▶ WHAT IS NEEDED
Write the listing below out again exactly, dropping the images.

▶ DATASET EXCERPT
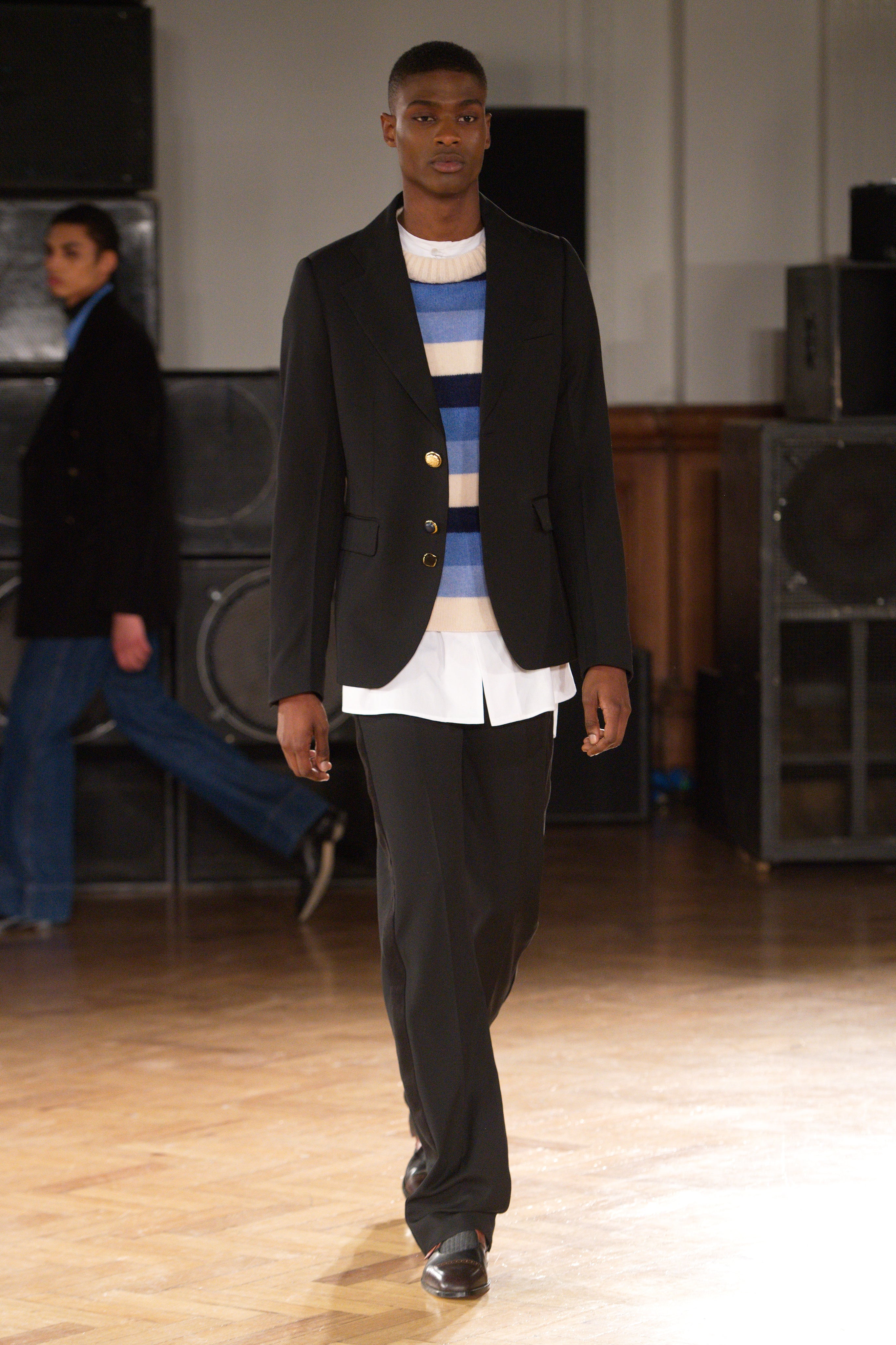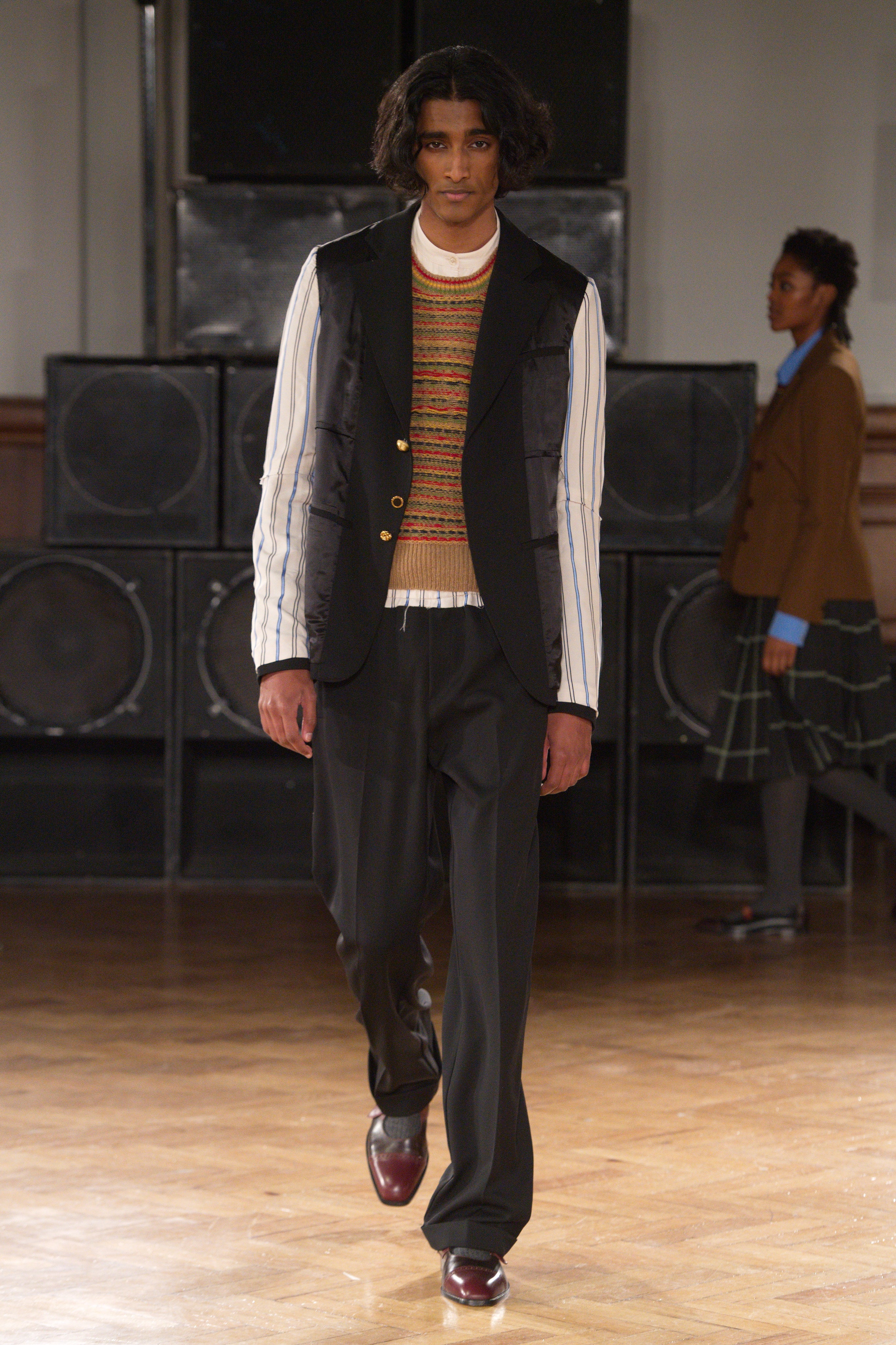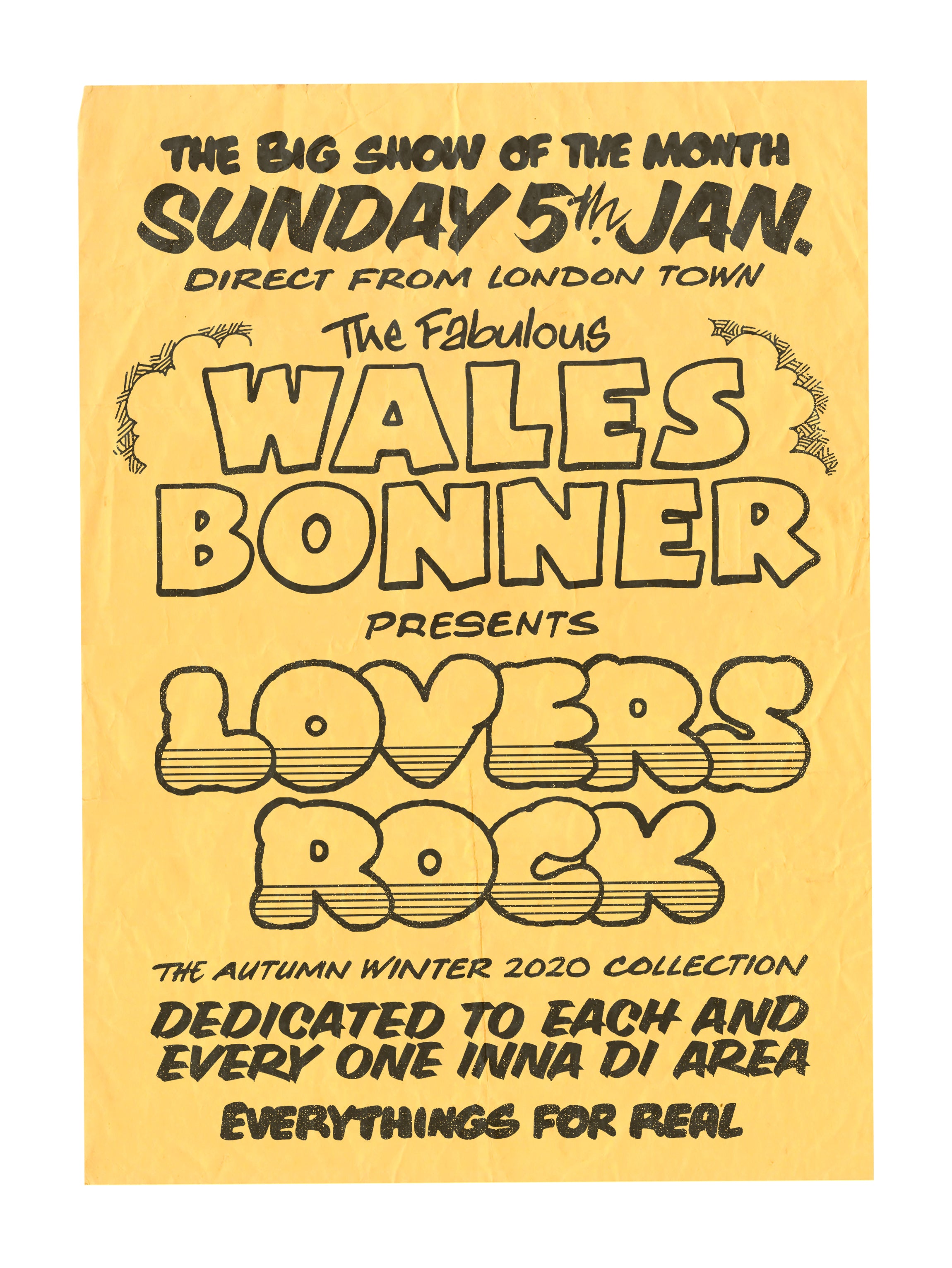 The mood is felt through the rhythmic sweetness of Lovers Rock – tender reggae reverberates from Notting Hill sound systems. Chest-shaking riddims of desire, longing and heartbreak soundtrack a dance between menswear and womenswear introducing a new silhouette.
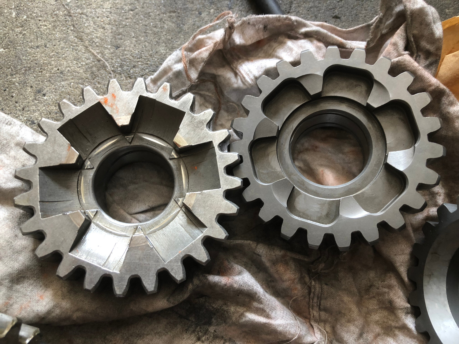 純正3rdギアとアンドリュース3rdギアの比較 工程と使用している加工機が全く違うのがわかる。アンドリュースは縦型MCにエンドミル加工かな?純正はサイドカッターみたいなので削っている。アンドリュースのほうが手間がかかりそう
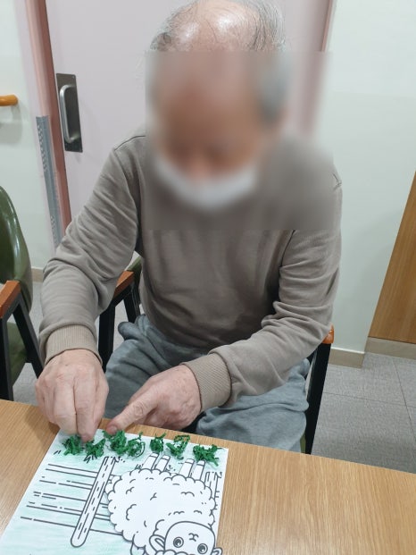 어르신들만의 색으로 칠하고, 양 그림에 팝콘을 붙여 각자의
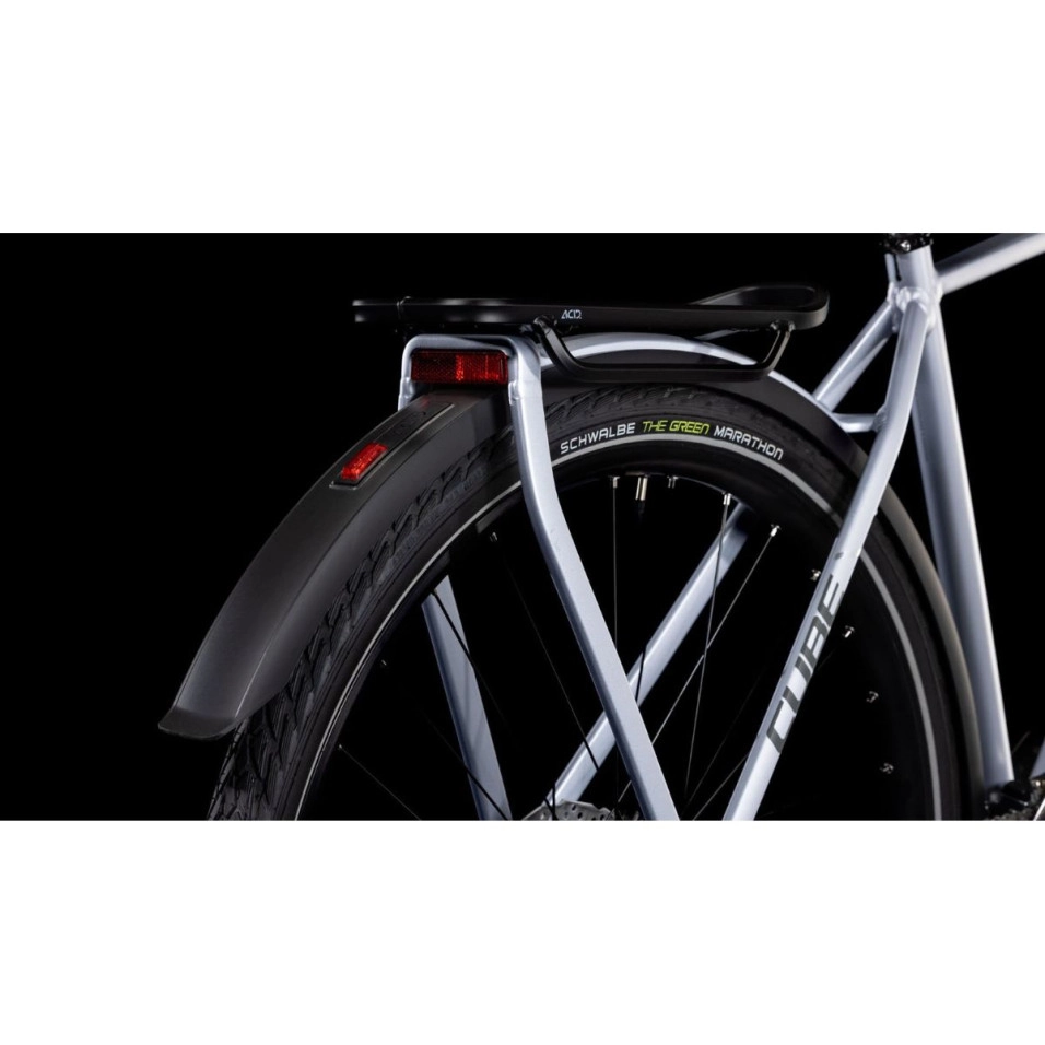 Le Cube Kathmandu Pro 25 est une excellente option pour ceux qui recherchent un vélo hybride polyvalent et confortable, idéal aussi bien pour les déplacements urbains que pour les excursions en dehors de la ville. Il combine un design élégant avec des composants de haute qualité pour offrir une expérience de conduite fluide et efficace. Caractéristiques: Cadre en aluminium Superlite : Le cadre Kathmandu Pro est construit en aluminium de haute qualité, ce qui le rend à la fois léger et résistant. Géométrie Trekking Comfort : Cette géométrie offre une position de conduite droite et confortable, idéale pour les longues randonnées. Fourche Suntour NCX D LO Air : La fourche à suspension vous offre une conduite en douceur et absorbe les impacts des las terreno . Transmission Shimano Cues 2x10 : Avec 20 vitesses, cette transmission vous offre une large gamme de vitesses pour affronter tout type de pente. Freins à disque mécaniques Shimano MT200/UR300 : Les freins à disque mécaniques offrent une puissance de freinage fiable dans diverses conditions. Technologies : Aluminium Superlite : Ce matériau de haute qualité garantit un cadre léger et résistant. Géométrie Trekking Comfort : Cette géométrie est conçue pour offrir une position de conduite confortable et sûre. Integrated Carrier 3.0 : Le transporteur intégré vous permet de transporter facilement des marchandises supplémentaires. Acheminement interne des câbles : les câbles sont acheminés à l'intérieur du cadre, réduisant ainsi la friction et améliorant l'esthétique globale du vélo. Avantages : Polyvalence : Idéal aussi bien pour la ville que pour les excursions en dehors de ella . Confort : La position de conduite droite et la fourche à suspension garantissent des balades confortables. Durabilité : des matériaux de haute qualité et une construction solide garantissent une longue durée de vie. Équipement complet : livré équipé d'un porte-bagages, d'ailes et de lumières, prêt pour toute aventura . Performance : la transmission Shimano Cues et les freins à disque mécaniques Shimano offrent des performances fiables. |

▶ TASK OUTPUT
 The mood is felt through the rhythmic sweetness of Lovers Rock – tender reggae reverberates from Notting Hill sound systems. Chest-shaking riddims of desire, longing and heartbreak soundtrack a dance between menswear and womenswear introducing a new silhouette.
 純正3rdギアとアンドリュース3rdギアの比較 工程と使用している加工機が全く違うのがわかる。アンドリュースは縦型MCにエンドミル加工かな?純正はサイドカッターみたいなので削っている。アンドリュースのほうが手間がかかりそう
 어르신들만의 색으로 칠하고, 양 그림에 팝콘을 붙여 각자의
 Le Cube Kathmandu Pro 25 est une excellente option pour ceux qui recherchent un vélo hybride polyvalent et confortable, idéal aussi bien pour les déplacements urbains que pour les excursions en dehors de la ville. Il combine un design élégant avec des composants de haute qualité pour offrir une expérience de conduite fluide et efficace. Caractéristiques: Cadre en aluminium Superlite : Le cadre Kathmandu Pro est construit en aluminium de haute qualité, ce qui le rend à la fois léger et résistant. Géométrie Trekking Comfort : Cette géométrie offre une position de conduite droite et confortable, idéale pour les longues randonnées. Fourche Suntour NCX D LO Air : La fourche à suspension vous offre une conduite en douceur et absorbe les impacts des las terreno . Transmission Shimano Cues 2x10 : Avec 20 vitesses, cette transmission vous offre une large gamme de vitesses pour affronter tout type de pente. Freins à disque mécaniques Shimano MT200/UR300 : Les freins à disque mécaniques offrent une puissance de freinage fiable dans diverses conditions. Technologies : Aluminium Superlite : Ce matériau de haute qualité garantit un cadre léger et résistant. Géométrie Trekking Comfort : Cette géométrie est conçue pour offrir une position de conduite confortable et sûre. Integrated Carrier 3.0 : Le transporteur intégré vous permet de transporter facilement des marchandises supplémentaires. Acheminement interne des câbles : les câbles sont acheminés à l'intérieur du cadre, réduisant ainsi la friction et améliorant l'esthétique globale du vélo. Avantages : Polyvalence : Idéal aussi bien pour la ville que pour les excursions en dehors de ella . Confort : La position de conduite droite et la fourche à suspension garantissent des balades confortables. Durabilité : des matériaux de haute qualité et une construction solide garantissent une longue durée de vie. Équipement complet : livré équipé d'un porte-bagages, d'ailes et de lumières, prêt pour toute aventura . Performance : la transmission Shimano Cues et les freins à disque mécaniques Shimano offrent des performances fiables. |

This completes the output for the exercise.